Copy all records precisely, apart from the pictures.

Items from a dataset
◆ ◆ ◆ ◆ ◆

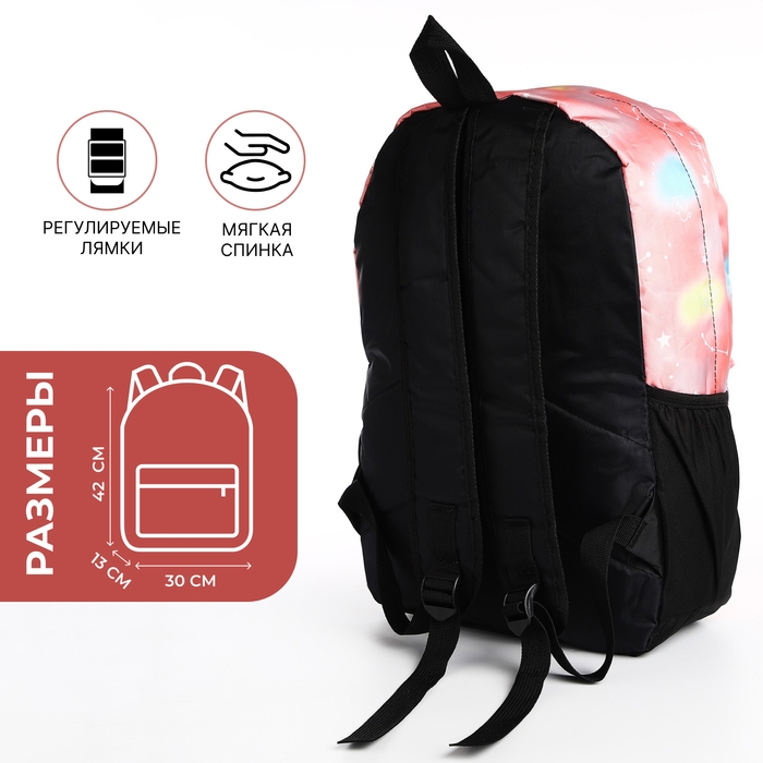 Рюкзак школьный на молнии, 3 наружных кармана, цвет розовый
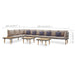 Dieses 8-teilige Garten-Loungeset ist eine tolle Bereicherung für Ihren Außenbereich. Mit ihrem geradlinigen, stilvollen Design verleiht sie Ihrem Garten, Balkon oder Ihrer Terrasse einen Hauch moderner Eleganz. Diese pflegeleichte und robuste Garten-Sofagarnitur besteht aus massivem Akazienholz, einem tropischen Hartholz, das witterungsbeständig und jahrelang haltbar ist. Der robuste Stahlrahmen macht das Terrassen-Lounge-Set sehr stabil und langlebig. Des Weiteren bieten die kleinen Holzteile Platz für Snacks, Getränke, Teetassen, Bücher und andere kleine Gegenstände. Das Gartenmöbel-Set wird samt besonders bequemen, dick gepolsterten Kissen geliefert, deren pflegeleichten Polyesterbezüge auch abgenommen und gewaschen werden können. Dieses Garten-Möbelset muss zusammengebaut werden.
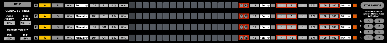 And that just comes to mind if you're using this for a percussion pattern. With 2 pitches per lane, this is equally welcome for building bass variation or synth sequences. Velocity has just as complete coverage.
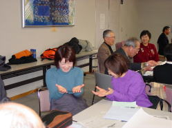 | ↑最初に、ファシリテーターの内山さんからワークショップのねらいについて説明を受けます。 | ↑グループ分けのあとは、グループ内のコミュニケーションを図ります。これは、シャボン玉送りです。 |
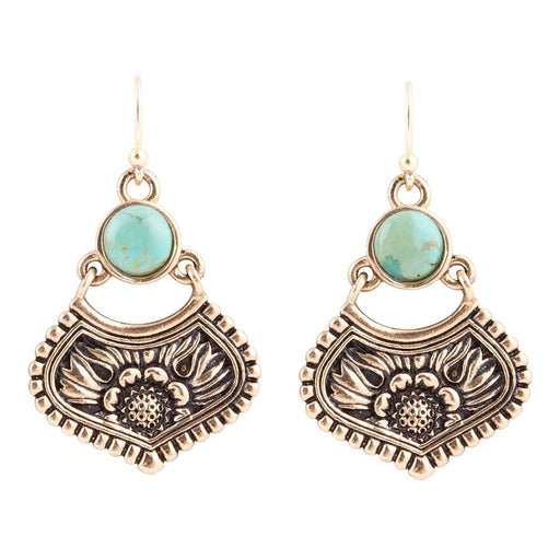 View full detailsExperience the timeless elegance of these handmade Turquoise Flourish Golden Bronze Drop Earrings. Crafted with meticulous attention to detail, the...
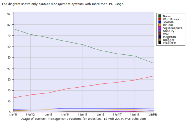 - Les autres CMS ne récoltent que les miettes de ce succès, le second sur le podium étant Joomla avec… 3% des parts de marché.
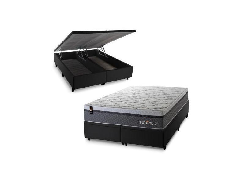 Conjunto Box Baú Benton Cinza 193x203x67 c/ Molas Ensacadas - King Hou
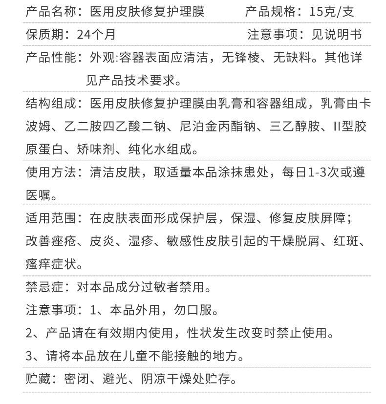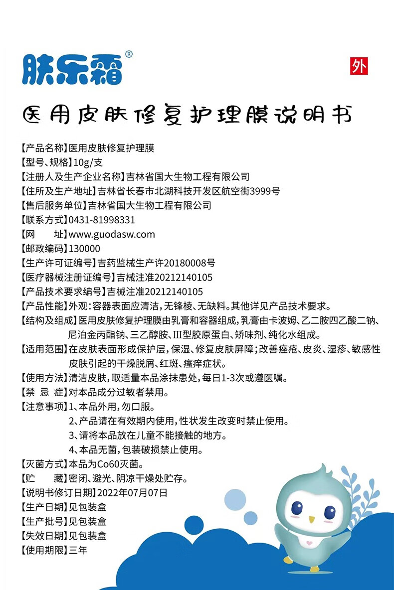 肤乐霜医用宝宝湿疹痤疮痱子口水疹奶癣婴儿神经性皮炎皮肤修复护理膜 15g
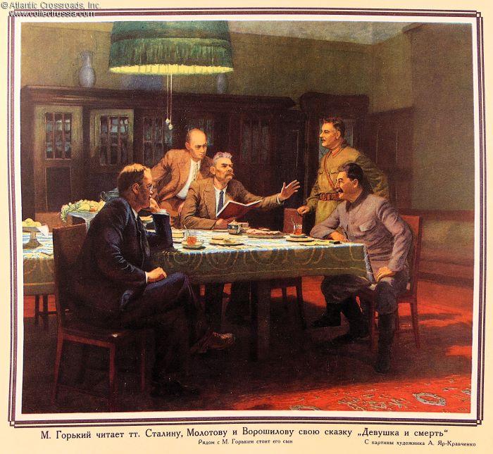 Poster Soviet Literature, with offset print of painting by Yar-Kravchenko depicting Maxim Gorky reading his poem The Maiden and Death to Stalin, Molotov, and Voroshilov.
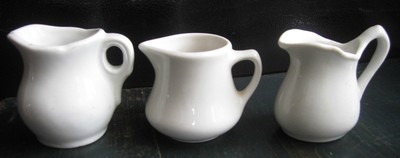 ANTIQUE WHITE IRONSTONE -3 MINIATURE PITCHERS - VINTAGE POTTERY OLD PITCHER NR
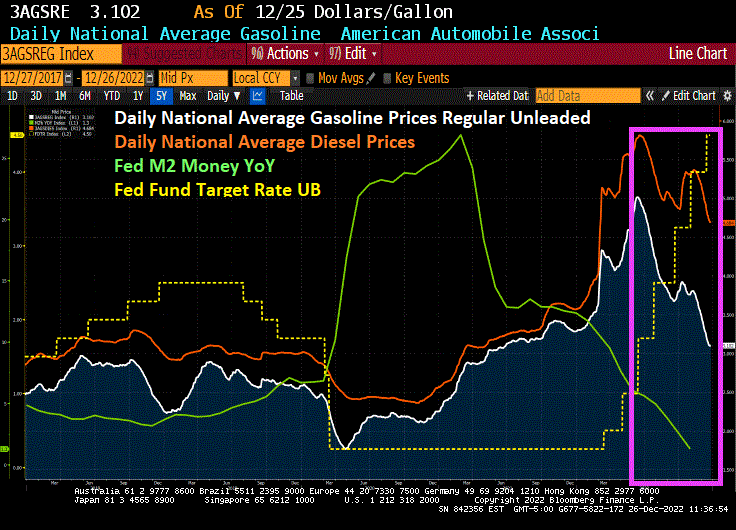 As the global economy slows and global central banks continue to tighten, we are seeing gasoline and diesel prices falling.
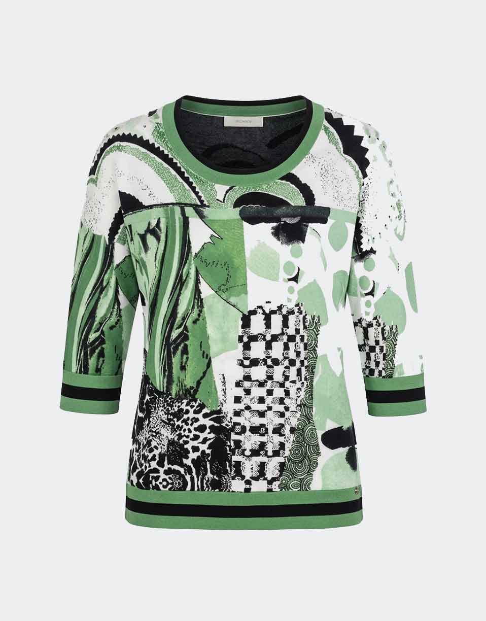 Jersey de Mujer Manga 3/4 en Punto Fino Tricot con Estampado Abstracto en Verde, Blanco y Negro
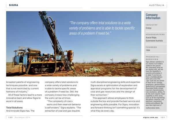 1994 multi-disciplined engineering skills and expertise . Sigra excels at optimization of exploration and appraisal programs for the development of coal and gas resources and the design of their extraction .”
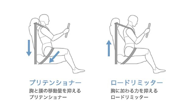 運転席/助手席のシートベルトは、前方向からの強い衝撃を感知すると瞬時にシートベルトを巻き取り、体をしっかり固定します。その後、一定以上の荷重がかかると、シートベルトを少し送り出し、胸などへの負担を軽減します。さらに、ショルダー側のプリテンショナーに加え腰ベルト外側にもプリテンショナーを採用。乗員の拘束効果をいっそう高めることにより、傷害の軽減を目指しました。
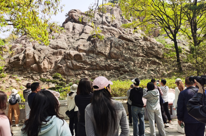 4月10日上午,师生一行先后考察孔望山龙洞碑林、东汉摩崖造像、锦屏山将军崖史前岩画。孔望山龙洞碑林现存宋、金、元、明、清诸代题刻二十四方,篆、隶、真、行各体兼备。如龙洞诸题刻。
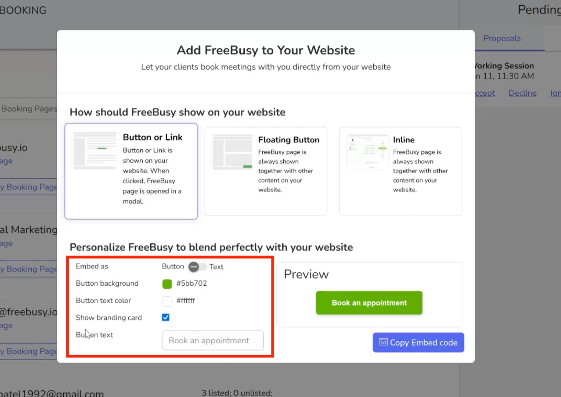 Step 7: Once selected, click "Copy Embed Code" button and share it with your team who manages website to embed Appointment type on your booking page.
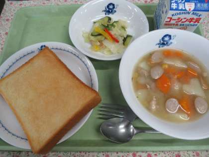 ・牛乳 ・シュガートースト ・ウインナーとじゃがいものスープ ・カラフルサラダ

◆ ◆ ◆ ◆ ◆

* RESULT *
 Рюкзак школьный на молнии, 3 наружных кармана, цвет розовый
 Dieses 8-teilige Garten-Loungeset ist eine tolle Bereicherung für Ihren Außenbereich. Mit ihrem geradlinigen, stilvollen Design verleiht sie Ihrem Garten, Balkon oder Ihrer Terrasse einen Hauch moderner Eleganz. Diese pflegeleichte und robuste Garten-Sofagarnitur besteht aus massivem Akazienholz, einem tropischen Hartholz, das witterungsbeständig und jahrelang haltbar ist. Der robuste Stahlrahmen macht das Terrassen-Lounge-Set sehr stabil und langlebig. Des Weiteren bieten die kleinen Holzteile Platz für Snacks, Getränke, Teetassen, Bücher und andere kleine Gegenstände. Das Gartenmöbel-Set wird samt besonders bequemen, dick gepolsterten Kissen geliefert, deren pflegeleichten Polyesterbezüge auch abgenommen und gewaschen werden können. Dieses Garten-Möbelset muss zusammengebaut werden.
 And that just comes to mind if you're using this for a percussion pattern. With 2 pitches per lane, this is equally welcome for building bass variation or synth sequences. Velocity has just as complete coverage.
 | ↑最初に、ファシリテーターの内山さんからワークショップのねらいについて説明を受けます。 | ↑グループ分けのあとは、グループ内のコミュニケーションを図ります。これは、シャボン玉送りです。 |
 View full detailsExperience the timeless elegance of these handmade Turquoise Flourish Golden Bronze Drop Earrings. Crafted with meticulous attention to detail, the...
 - Les autres CMS ne récoltent que les miettes de ce succès, le second sur le podium étant Joomla avec… 3% des parts de marché.
 Conjunto Box Baú Benton Cinza 193x203x67 c/ Molas Ensacadas - King Hou
 肤乐霜医用宝宝湿疹痤疮痱子口水疹奶癣婴儿神经性皮炎皮肤修复护理膜 15g
 Poster Soviet Literature, with offset print of painting by Yar-Kravchenko depicting Maxim Gorky reading his poem The Maiden and Death to Stalin, Molotov, and Voroshilov.
 ANTIQUE WHITE IRONSTONE -3 MINIATURE PITCHERS - VINTAGE POTTERY OLD PITCHER NR
 As the global economy slows and global central banks continue to tighten, we are seeing gasoline and diesel prices falling.
 Jersey de Mujer Manga 3/4 en Punto Fino Tricot con Estampado Abstracto en Verde, Blanco y Negro
 1994 multi-disciplined engineering skills and expertise . Sigra excels at optimization of exploration and appraisal programs for the development of coal and gas resources and the design of their extraction .”
 運転席/助手席のシートベルトは、前方向からの強い衝撃を感知すると瞬時にシートベルトを巻き取り、体をしっかり固定します。その後、一定以上の荷重がかかると、シートベルトを少し送り出し、胸などへの負担を軽減します。さらに、ショルダー側のプリテンショナーに加え腰ベルト外側にもプリテンショナーを採用。乗員の拘束効果をいっそう高めることにより、傷害の軽減を目指しました。
 4月10日上午,师生一行先后考察孔望山龙洞碑林、东汉摩崖造像、锦屏山将军崖史前岩画。孔望山龙洞碑林现存宋、金、元、明、清诸代题刻二十四方,篆、隶、真、行各体兼备。如龙洞诸题刻。
 Step 7: Once selected, click "Copy Embed Code" button and share it with your team who manages website to embed Appointment type on your booking page.
 ・牛乳 ・シュガートースト ・ウインナーとじゃがいものスープ ・カラフルサラダ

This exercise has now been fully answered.